Wednesday, August 1, 2012

A Parent's Perspective - Anybody Want a Peanut?

Let's give a warm welcome to Jennie of Anybody Want a Peanut? Today she is sharing a little bit about her life with 'Moe' and 'Jelly' and some of her favorite resources for children with autism. Moe is 5 years old and has autism, apraxia, and is non-verbal. Jelly is 3 years old and is a typically developing girly-girl, who loves shoes and accessories.

Our life in five words:

hectic, challenging, unplanned, messy, tiring

Four qualities I look for in a therapist:

I usually find therapists by word of mouth. I want them to be experienced with Moe's specific issues, not just autism. A good therapist knows the latest research, can be flexible and creative working with my extremely self-directed child, and knows when to push and when to back off. It is tough working with challenging kids all day, so a good therapist should love their job!

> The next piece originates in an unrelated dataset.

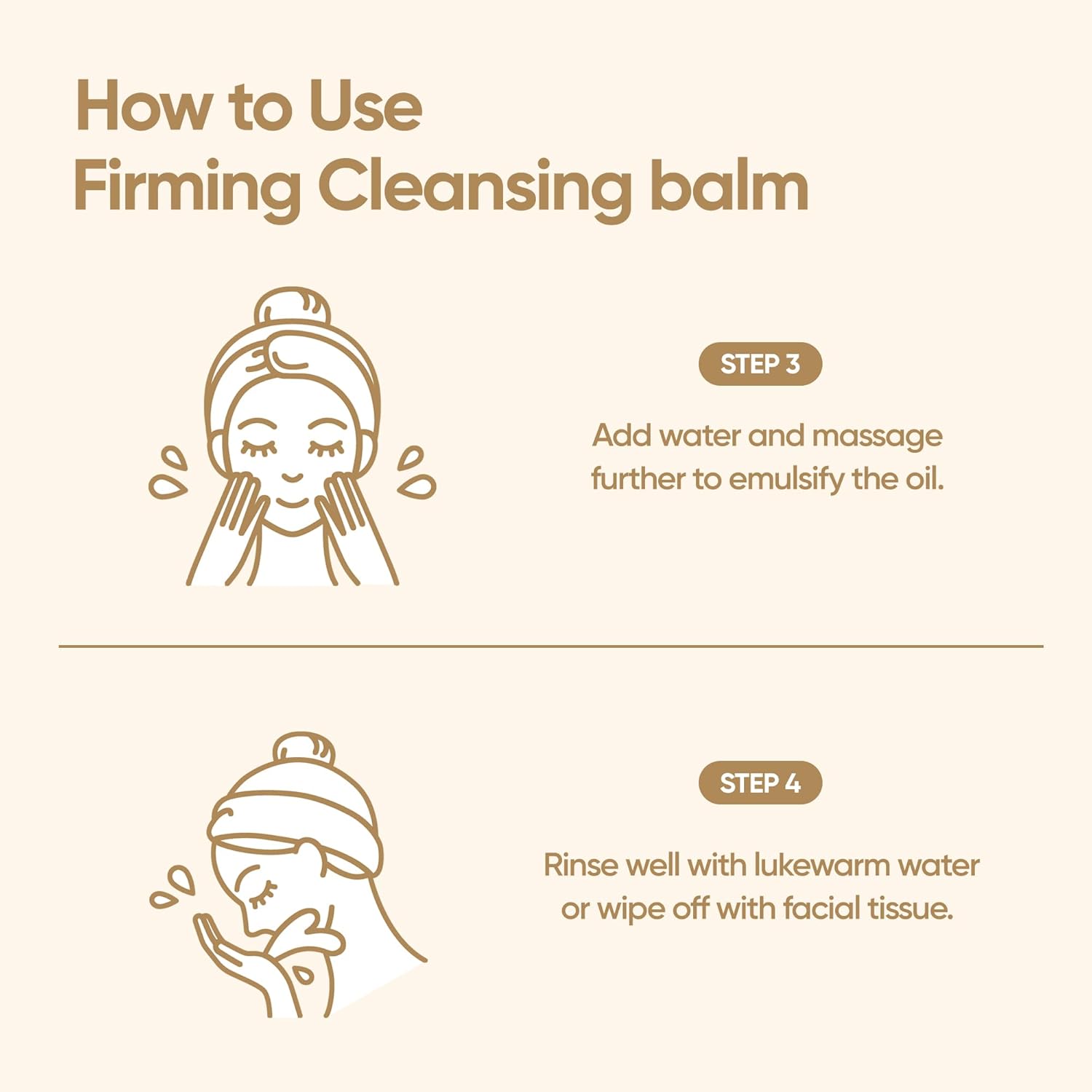 - How to Use📝 Scoop the appropriate amount using the spatula included. Gently massage in a circular motion onto dry skin using your fingertips to remove makeup and residue. Add water and massage further to emulsify the oil. Rinse well with lukewarm water.

Three resources I can't live without:

  1. Bed tent - To keep Moe from running around the house at 2:00am.
  2. Huggle Pod Swing - This is Moe's favorite way to calm and relax.
  3. Zip-up the back jammies - Moe infamously loves to remove his clothing and pull-ups in bed!
Two more resources I can't live without: Chew Stixx for Moe and Facebook for me.

Two words (or more!) of advice for therapists working with children with autism:

Don't let my kid walk all over you. He is a master of getting his way, but consistency is how he learns. If I only see you once or twice a week, therapy is as much for me as for Moe. Help me learn to implement the techniques at home. Most of the therapists I've encountered have been great at this.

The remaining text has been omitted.